Theorem   Let $\theta \in \mathbb{R}$ . Then the following are equivalent:

1. An angle of measure $\theta$ is constructible;
2. $\sin \theta$ is a constructible number;
3. $\cos \theta$ is a constructible number.

Proof. First of all, due to periodicity, we can restrict our attention to the interval $0 \le \theta <2\pi$ . Even better, we can further restrict our attention to the interval $0 \le \theta \le \frac{\pi}{2}$ for the following reasons:

1. If an angle whose measure is $\theta$ is constructible, then so are angles whose measures are $\pi-\theta$ , $\pi+\theta$ , and $2\pi-\theta$ ;
2. If $x$ is a constructible number, then so is $|x|$ .

If $\theta \in \{0, \frac{\pi}{2} \}$ , then clearly an angle of measure $\theta$ is constructible, and $\{\sin \theta, \cos \theta \}=\{0,1\}$ . Thus, equivalence has been established in the case that $\theta \in \{0,\frac{\pi}{2}\}$ . Therefore, we can restrict our attention even further to the interval $0<\theta<\frac{\pi}{2}$ .

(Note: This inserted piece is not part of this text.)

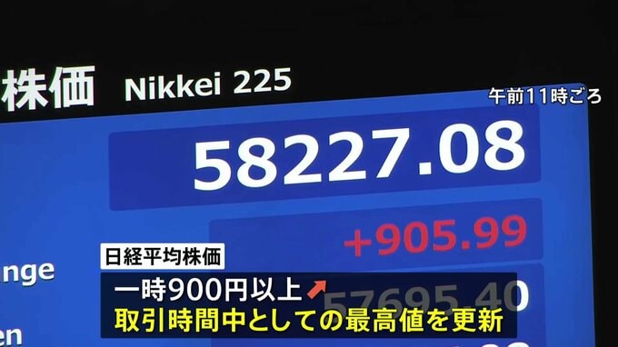 日経平均株価が取引時間中の最高値を更新し、5万8000円台を回復しました。きょうの日経平均株価は一時、900円以上値上がりし、取引時間中としての最高値を更新しました。5万8000円台をつけるのは、今月12日以来お…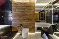 Можно было пойти ещё дальше и сделать деревянным пол, а также оформить с помощью этого материала другие элементы внутреннего убранства, которые расположены в горизонтальной плоскости. Но дизайнеры решили ограничиться небольшим процентом зрительной нагрузки.

Assume that an angle of measure $\theta$ is constructible. Construct such an angle and mark off a line segment of length $1$ from the vertex of the angle. Label the endpoint that is not the vertex of the angle as $A$ .

Drop the perpendicular from $A$ to the other ray of the angle. Since the legs of the triangle are of lengths $\sin \theta$ and $\cos \theta$ , both of these are constructible numbers.

Now assume that $\sin \theta$ is a constructible number. At one endpoint of a line segment of length $\sin \theta$ , erect the perpendicular to the line segment.

From the other endpoint of the given line segment, draw an arc of a circle with radius $1$ so that it intersects the erected perpendicular. Label this point of intersection as $A$ . Connect $A$ to the endpoint of the line segment which was used to draw the arc. Then an angle of measure $\theta$ and a line segment of length $\cos \theta$ have been constructed.

A similar procedure can be used given that $\cos \theta$ is a constructible number to prove the other two statements.